Justice Suspended: The Collapse of Regional Court Sittings in Western Australia
From 1 June, most regional and remote courts in WA will not sit. The cause is police being unable to guarantee court security and custodial services across many regional locations. The consequences fall on some of the country's most vulnerable communities — and on the practitioners who serve them.

A public notice issued in recent weeks has confirmed that criminal court sittings across large parts of Western Australia will be vacated from 1 June 2026, remaining suspended until at least 28 August. The cause is the inability of police to guarantee court security and custodial services in many regional and remote locations.
Without police to provide security, supervise people in custody, and transport detainees, courts across much of the state have determined that sittings cannot safely proceed. The disruption falls primarily on the Magistrates Court and Children's Court, with some District Court circuits also paused.

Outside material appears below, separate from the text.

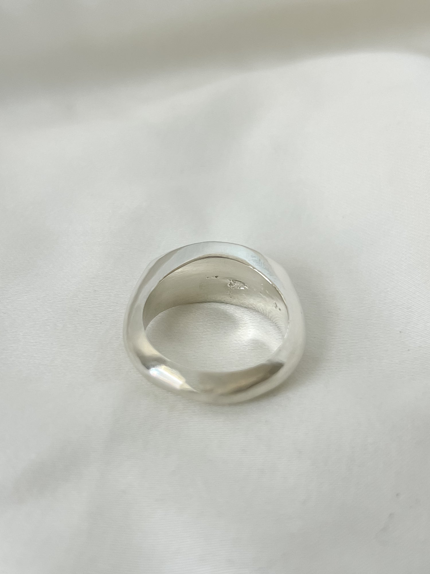 This ring also features raw inclusions such as indentations made from the clay and has a more organic shape- meaning it is not perfectly round. These are completely normal things that happen during the sand casting process and makes each and every ring even more unique!

The restrictions are concentrated in the communities furthest from Perth — the places where the gap between legal need and legal access is already widest.
What the closures mean in practice
From 1 June, court sittings in affected areas will be limited to regional centres where security can be maintained. A number of larger hubs — including Broome, Kununurra, Geraldton, and Kalgoorlie — are reported to be continuing to operate. Many other regional court registries face temporary closure or significantly reduced sittings. Some matters may proceed by video link where infrastructure allows, but the reliability of that option is itself in question.
"In some police stations, police won't even push a button to enable an accused person to appear by video link before a court." — Peter Collins, Aboriginal Legal Service WA
Peter Collins, Director of the Aboriginal Legal Service of Western Australia, has been direct about what that means on the ground. In communities such as Fitzroy Crossing and Bidyadanga, he says, courts had little option but to close. But the deeper problem — the inability to sustain police-provided court security and custodial services in regional communities — has been building for years.
The Nationals WA have demanded urgent action from the Cook Labor Government, describing the situation as "a serious breakdown in access to justice for regional Western Australians" and raising questions about how the system reached this point without apparent warning to practitioners or communities.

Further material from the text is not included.